ИОСИФ БРОДСКИЙ: «ПОЭТ – ЭТО ОТ БОГА»

| Номер: Июнь 2015

Иосиф БродскийОн родился и жил в Ленинграде, эмигрировал в Америку, похоронен в Венеции. 24 мая Иосифу Бродскому – одному из самых мудрых, необычных и знаменитых поэтов второй половины ХХ века – исполнилось бы 75 лет.

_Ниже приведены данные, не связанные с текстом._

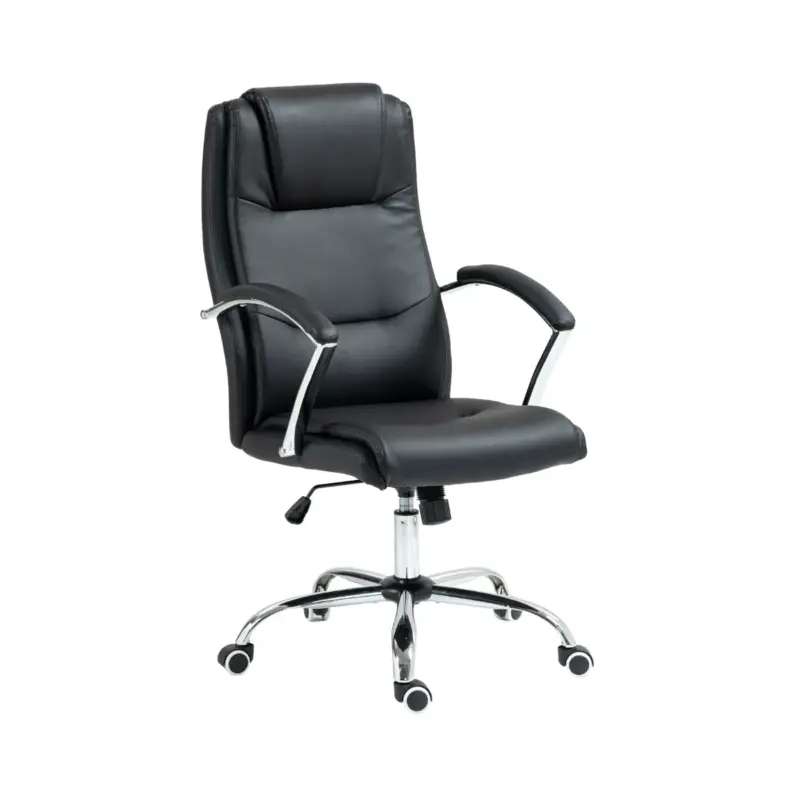 Con un respaldo alto y acolchado, reposabrazos confortables y un asiento amplio, esta silla ofrece soporte continuo incluso después de varias horas de uso. El tapizado en cuero sintético no solo aporta elegancia, sino que también es resistente y fácil de limpiar.

Судья: Чем вы занимаетесь?
Бродский: Пишу стихи. Перевожу. Я полагаю…
Судья: Никаких «я полагаю». Стойте как следует! Не прислоняйтесь к стенам! Смотрите на суд! Отвечайте суду как следует! … Ваш трудовой стаж?
Бродский: Примерно…
Судья: Нас не интересует «примерно»!
Бродский: Пять лет.
Судья: Где вы работали?
Бродский: На заводе. В геологических партиях…
Судья: Сколько вы работали на заводе?
Бродский: Год.
Судья: Кем?
Бродский: Фрезеровщиком.
Судья: А вообще какая ваша специальность?
Бродский: Поэт. Поэт-переводчик.
Судья: А кто это признал, что вы поэт? Кто причислил вас к поэтам?
Бродский: Никто. (Без вызова). А кто причислил меня к роду человеческому?
Судья: А вы учились этому?
Бродский: Чему?
Судья: Чтобы быть поэтом? Не пытались кончить вуз, где готовят… где учат…
Бродский: Я не думал, что это дается образованием.
Судья: А чем же?
Бродский: Я думаю, это… (растерянно)… от Бога…
Судья: У вас есть ходатайства к суду?
Бродский: Я хотел бы знать, за что меня арестовали.
Судья: Это вопрос, а не ходатайство.
Бродский: Тогда у меня ходатайства нет…
(Заседание суда Дзержинского района города Ленинграда, судья Савельева, 18.02.1964 г.)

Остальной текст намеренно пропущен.